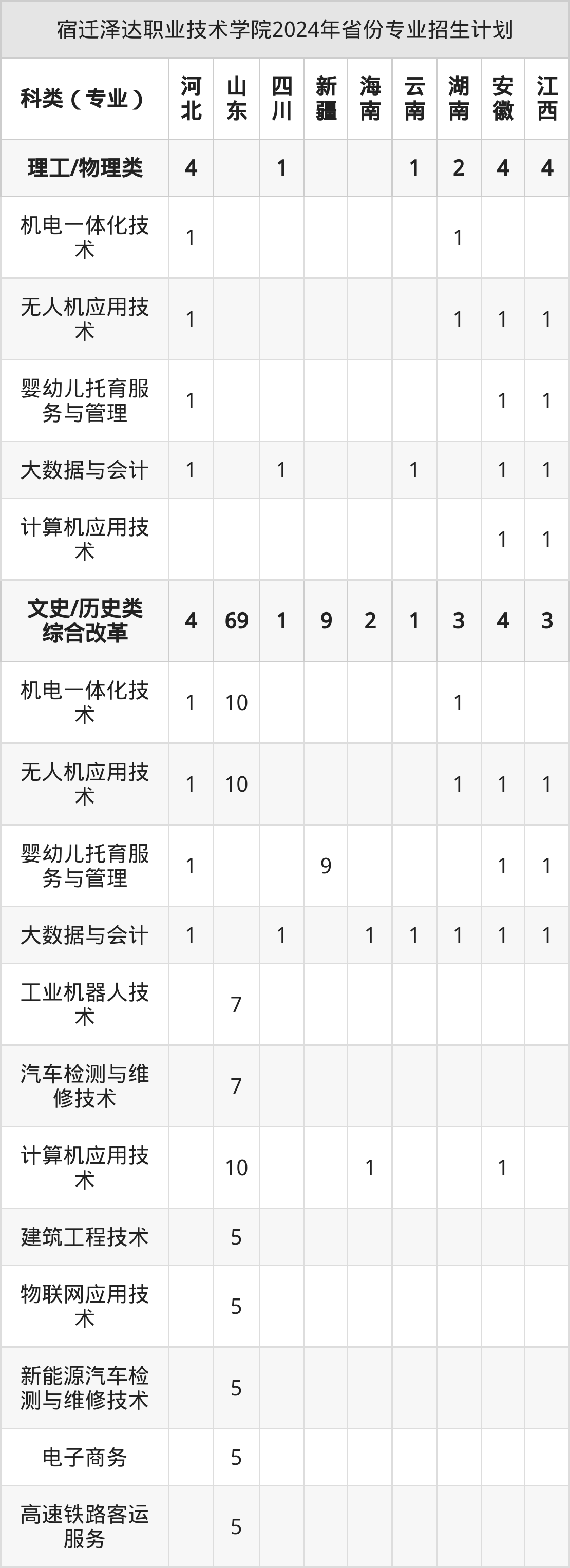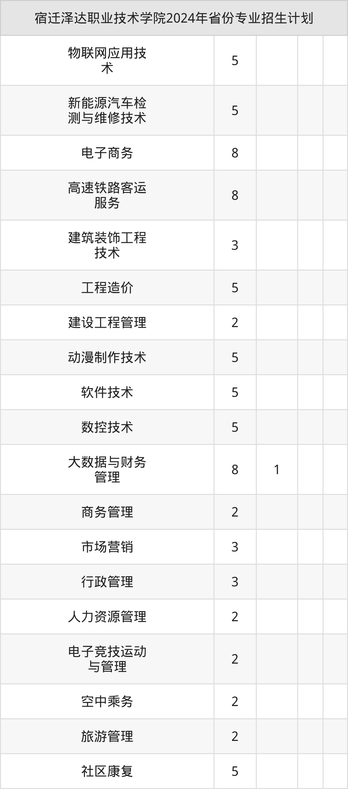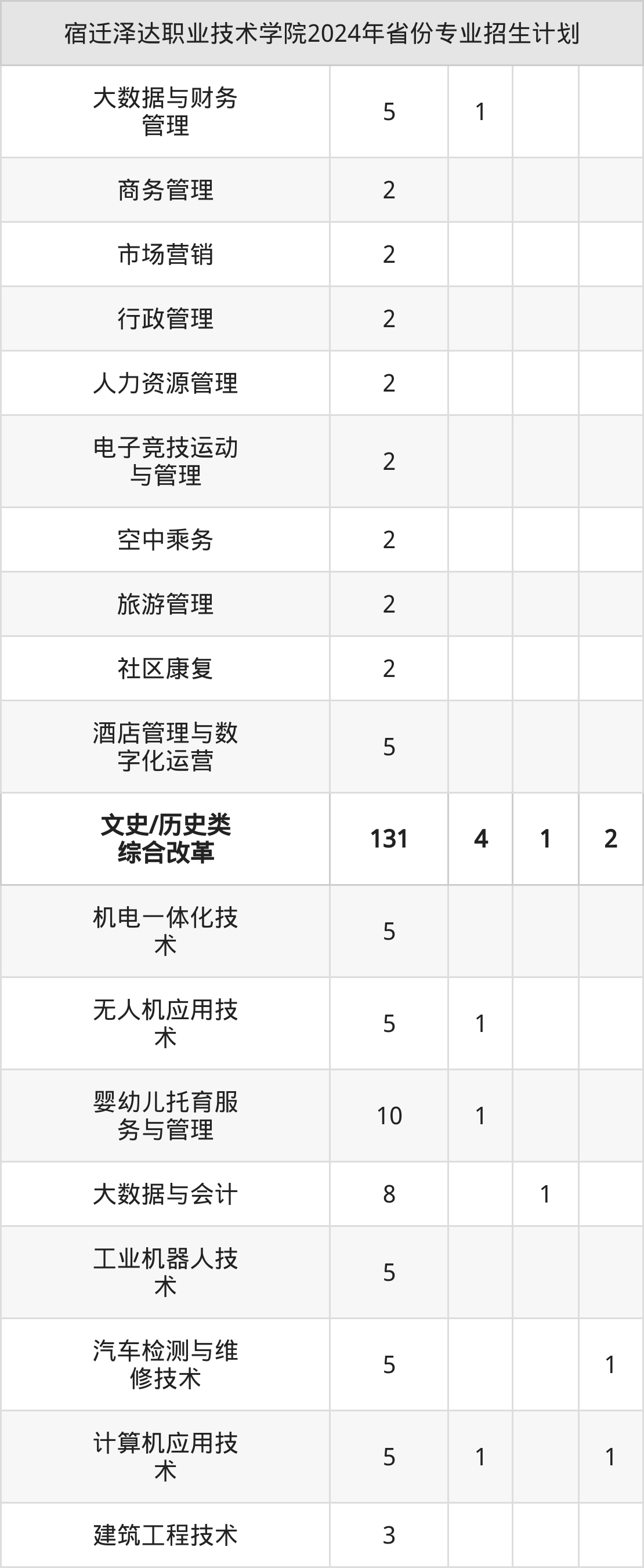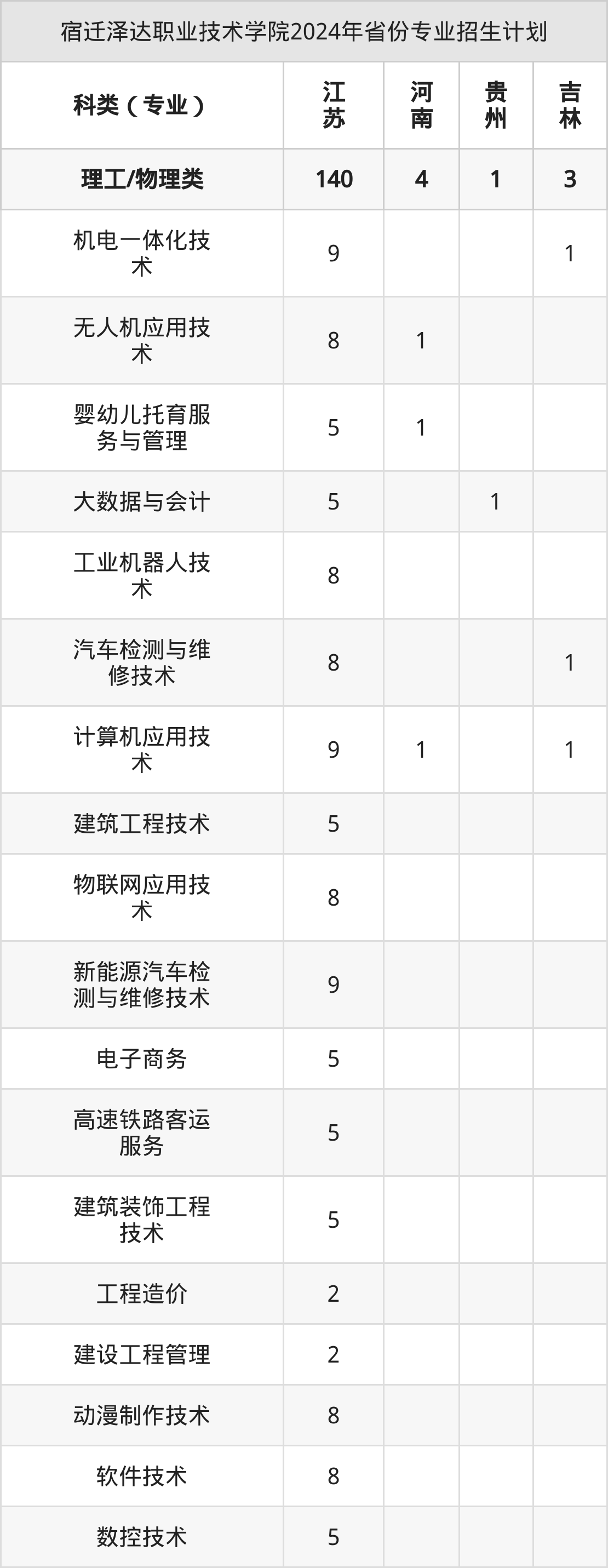 2025年宿迁泽达职业技术学院专科招生计划待公布,下面附上2024年数据,暂供参考:
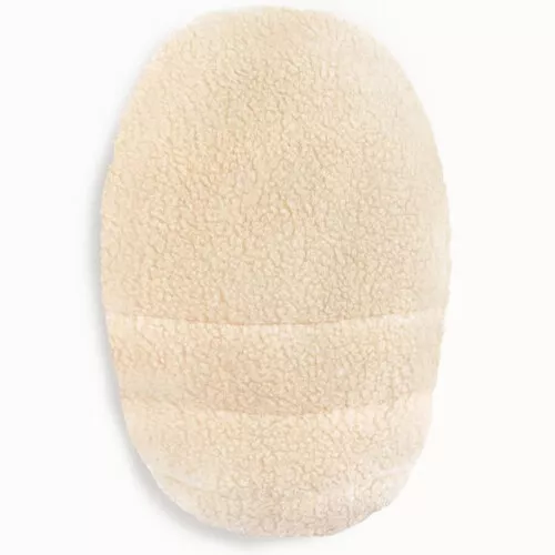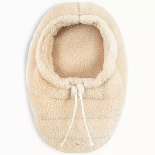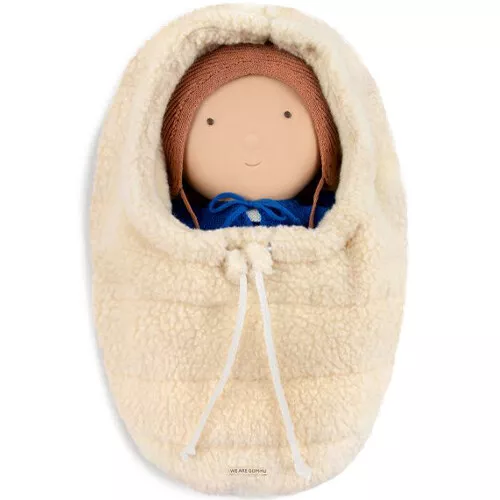 Babypoppen liggen er knus bij in deze zachte teddy ‘Footmuff Sherpa Cream’ van het Spaanse merk We Are Gommu. De voetenzak houdt de poppenvoetjes warm in de poppenwagen en is thuis te gebruiken als trappelzak of poppenslaapzak.
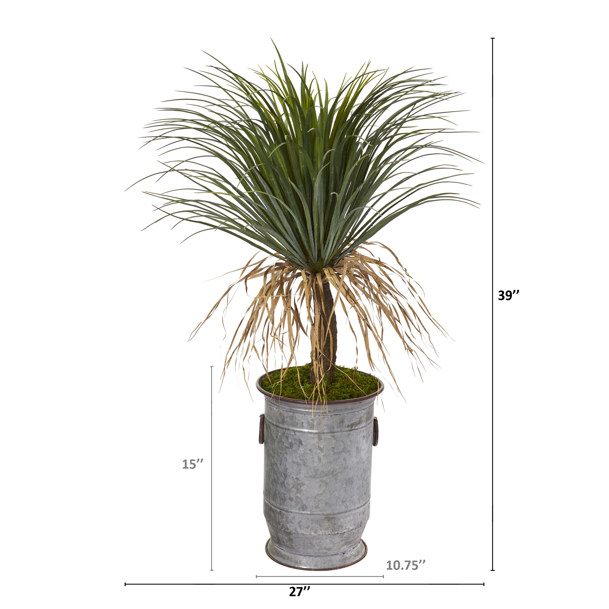 Bring natural looking texture to tight spaces with the help of this artificial plant boasting loosely tufted shoots of molina grass in naturally occurring hues. Great for adding a sense of life to everyday environments, this fake plant stands 39" high from a vintage metal planter.
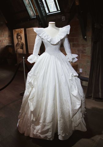 Di’s legendary wedding dress is a silk taffeta design that was colored in an ivory shade, rather than the usual bright white. It includes a lacey neckline, ruffled sleeves, puffed arms, a close-fitting top, a large ballgown skirt, subtle lace patterns, detailed stitching, 10,000 mother-of-pearl sequins, and, naturally, a remarkable 25-foot train. The main piece was a family effort, as it was created by Emanuel and her ex-husband, David Emanuel; Elizabeth Emanuel’s mother, Brahna Betty Weiner, also contributed to the embroidery.
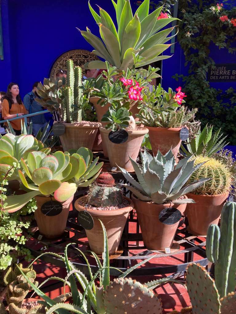 Busy doesn’t even come close to describing how busy the tiny garden of Yves Saint Laurent was. Ushers were keeping the crowds moving and coaxing us through all of the one-way sections to view the various displays of cacti and flowering bushes.

--

**About this exercise**
Repeat the listing verbatim, pictures excluded.

**Exercise output**
 2025年宿迁泽达职业技术学院专科招生计划待公布,下面附上2024年数据,暂供参考:
 Babypoppen liggen er knus bij in deze zachte teddy ‘Footmuff Sherpa Cream’ van het Spaanse merk We Are Gommu. De voetenzak houdt de poppenvoetjes warm in de poppenwagen en is thuis te gebruiken als trappelzak of poppenslaapzak.
 Bring natural looking texture to tight spaces with the help of this artificial plant boasting loosely tufted shoots of molina grass in naturally occurring hues. Great for adding a sense of life to everyday environments, this fake plant stands 39" high from a vintage metal planter.
 Di’s legendary wedding dress is a silk taffeta design that was colored in an ivory shade, rather than the usual bright white. It includes a lacey neckline, ruffled sleeves, puffed arms, a close-fitting top, a large ballgown skirt, subtle lace patterns, detailed stitching, 10,000 mother-of-pearl sequins, and, naturally, a remarkable 25-foot train. The main piece was a family effort, as it was created by Emanuel and her ex-husband, David Emanuel; Elizabeth Emanuel’s mother, Brahna Betty Weiner, also contributed to the embroidery.
 Busy doesn’t even come close to describing how busy the tiny garden of Yves Saint Laurent was. Ushers were keeping the crowds moving and coaxing us through all of the one-way sections to view the various displays of cacti and flowering bushes.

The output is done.